REQUIRED WORK: Output the entries below exactly as written, omitting pictures.

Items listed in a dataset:

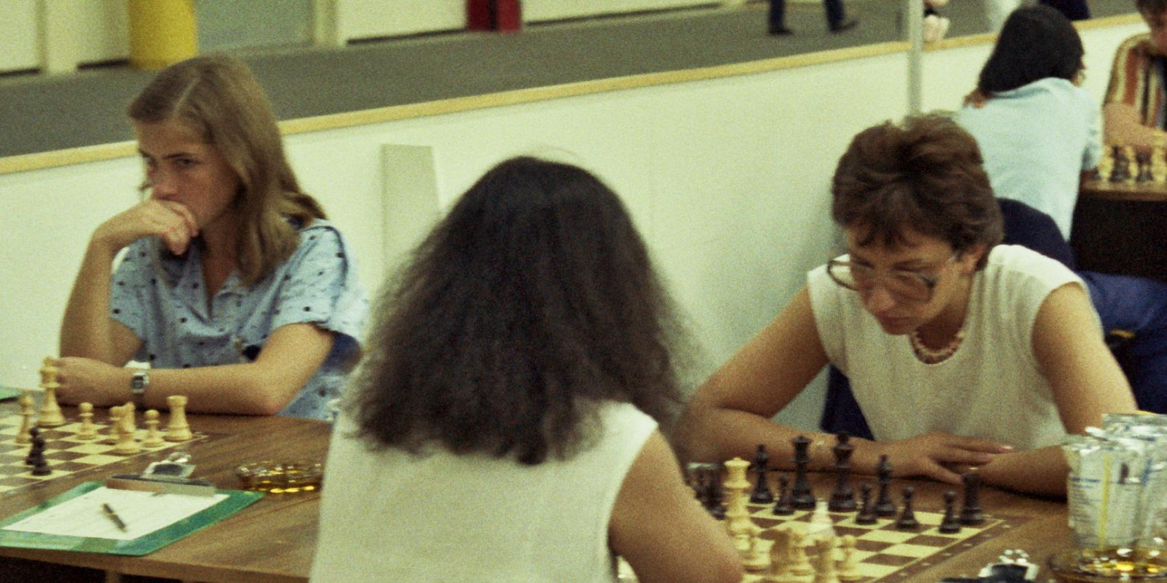 Chess Olympiad 1986 (Ildikó Mádl, Mária Ivánka-Budinsky), Photographer Gerhard Hund.
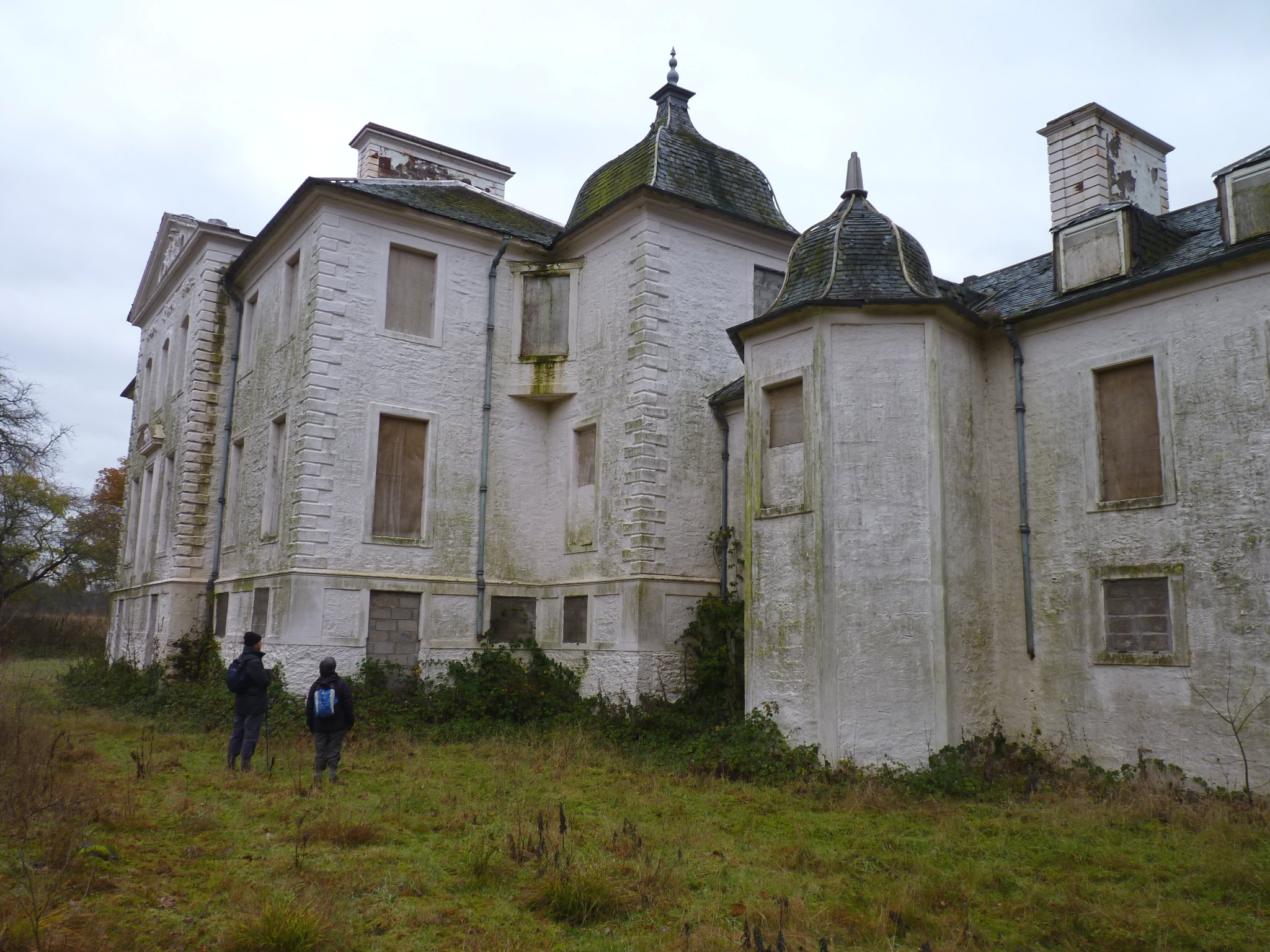 North side of Gray House
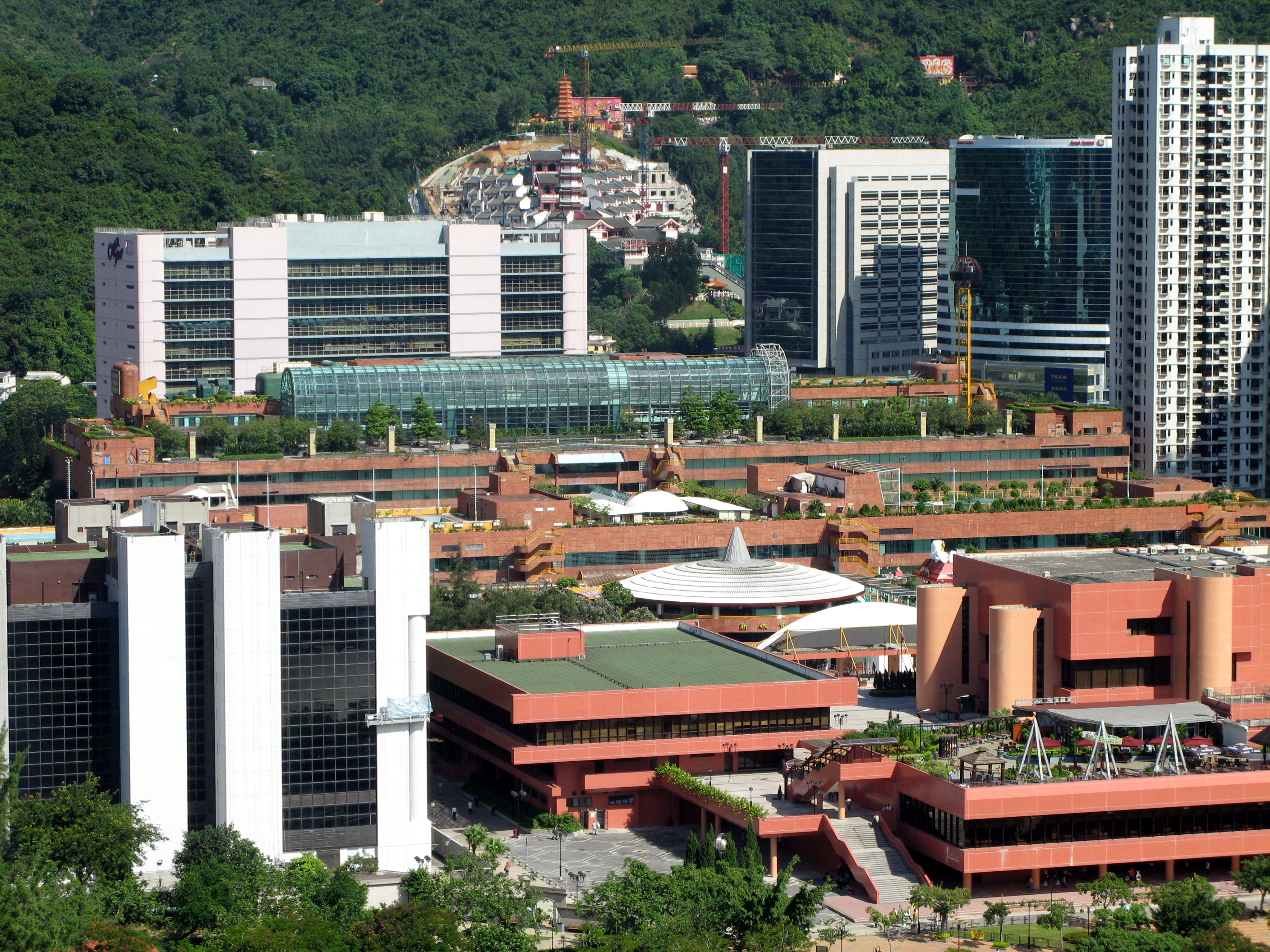 HK Shatin New Town Plaza. Po Fook Hill cemetery is visible in the background.
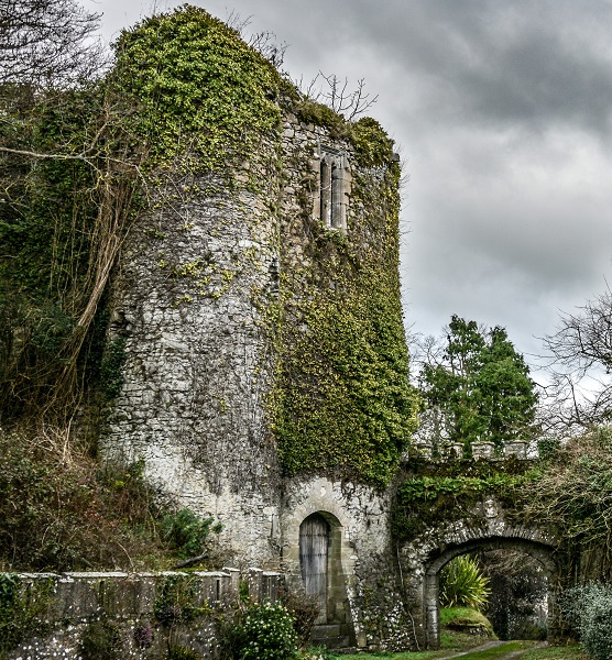 Ardfinnan Castle rare circular keep built during the early 13th century most likely by the Knights Hospitaller during their occupation of the castle. Received minor restoration in 19th century.
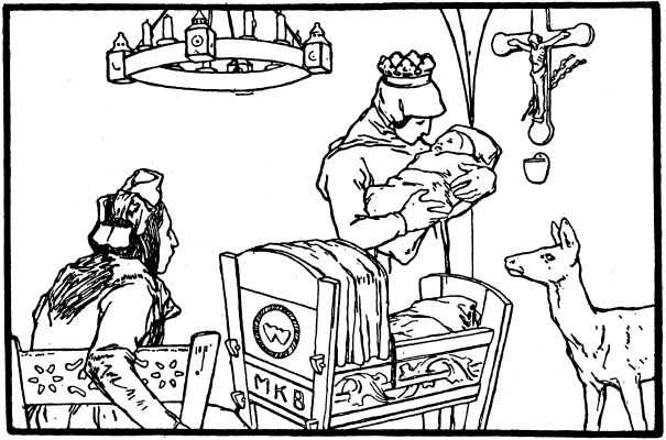 Illustration by Otto Ubbelohde to the fairy tale Brother and Sister
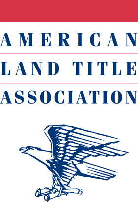 This is the logo for the American Land Title Association
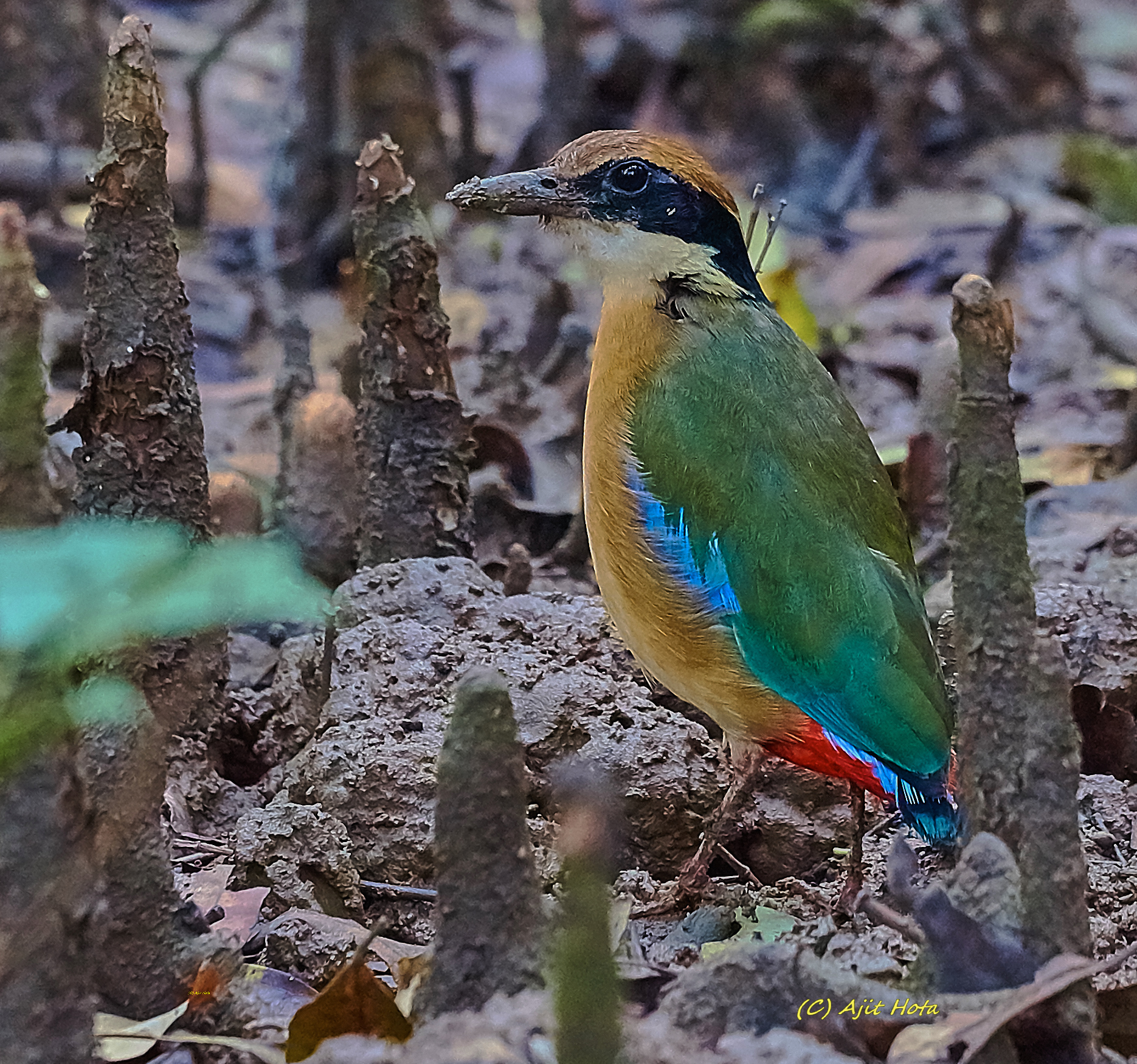 The beautiful Mangrove Pitta at Bhitarkanika, Odisha
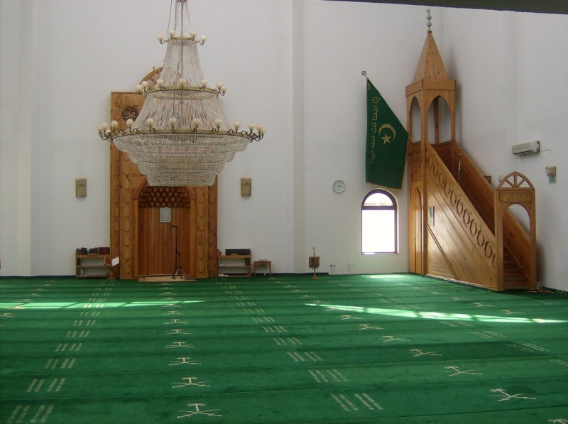 Hamzibeys mosque in Sanski Most, Bosnia and Hercegovina, Europe
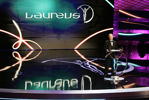 MARIINSKY THEATRE, ST PETERSBURG. At the awards ceremony of the Laureus World Sports Academy.

RESULT BELOW:
 Chess Olympiad 1986 (Ildikó Mádl, Mária Ivánka-Budinsky), Photographer Gerhard Hund.
 North side of Gray House
 HK Shatin New Town Plaza. Po Fook Hill cemetery is visible in the background.
 Ardfinnan Castle rare circular keep built during the early 13th century most likely by the Knights Hospitaller during their occupation of the castle. Received minor restoration in 19th century.
 Illustration by Otto Ubbelohde to the fairy tale Brother and Sister
 This is the logo for the American Land Title Association
 The beautiful Mangrove Pitta at Bhitarkanika, Odisha
 Hamzibeys mosque in Sanski Most, Bosnia and Hercegovina, Europe
 MARIINSKY THEATRE, ST PETERSBURG. At the awards ceremony of the Laureus World Sports Academy.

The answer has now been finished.